### Task
Transcribe the listing that follows in full, exactly, and drop its images.

### Stored data

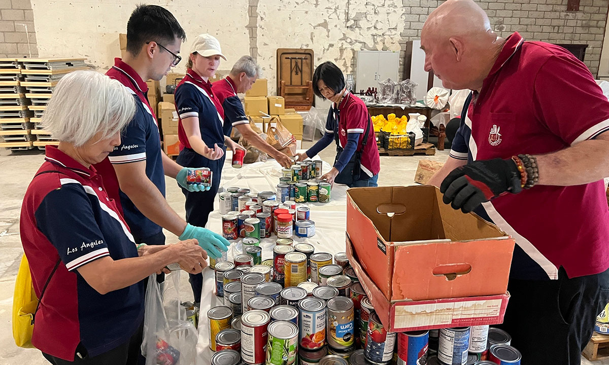 這是洛杉磯協會第二次與該單位合作,活動獲得各分會熱烈響應,捐贈物資不斷湧入。當日工作內容包括分類、檢查有效日期、打包與貼標籤,最後共整理成12個棧板(pallets)。
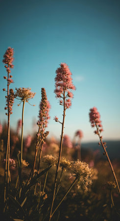 Wildflowers with pink blossoms are swaying in the gentle breeze beneath a clear blue sky, showcasing a peaceful and vibrant natural scene filled with beauty, AI generated
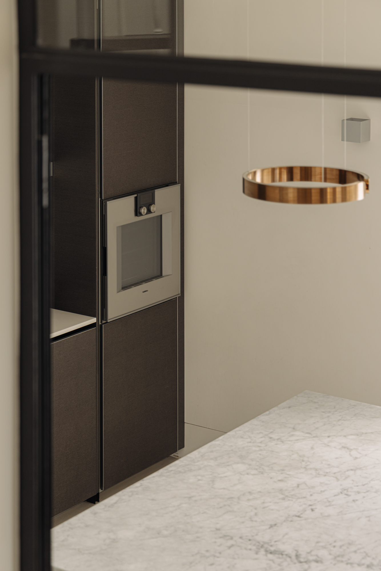 To the rear is the dining area and open-plan kitchen, executed in calm, earthy tones and centred around a generous island with a breakfast bar. The sleek, minimalist design by studio Molteni Dada is fitted with top-of-the-line Gaggenau appliances, subtly integrated to ensure clean lines and functionality. An attic area next to the kitchen offers extra storage space, alongside a designated laundry area with washer and dryer connections. A separate toilet is located off the central landing, while a large skylight above the staircase enhances the space with additional daylight.

### Written response
 這是洛杉磯協會第二次與該單位合作,活動獲得各分會熱烈響應,捐贈物資不斷湧入。當日工作內容包括分類、檢查有效日期、打包與貼標籤,最後共整理成12個棧板(pallets)。
 Wildflowers with pink blossoms are swaying in the gentle breeze beneath a clear blue sky, showcasing a peaceful and vibrant natural scene filled with beauty, AI generated
 To the rear is the dining area and open-plan kitchen, executed in calm, earthy tones and centred around a generous island with a breakfast bar. The sleek, minimalist design by studio Molteni Dada is fitted with top-of-the-line Gaggenau appliances, subtly integrated to ensure clean lines and functionality. An attic area next to the kitchen offers extra storage space, alongside a designated laundry area with washer and dryer connections. A separate toilet is located off the central landing, while a large skylight above the staircase enhances the space with additional daylight.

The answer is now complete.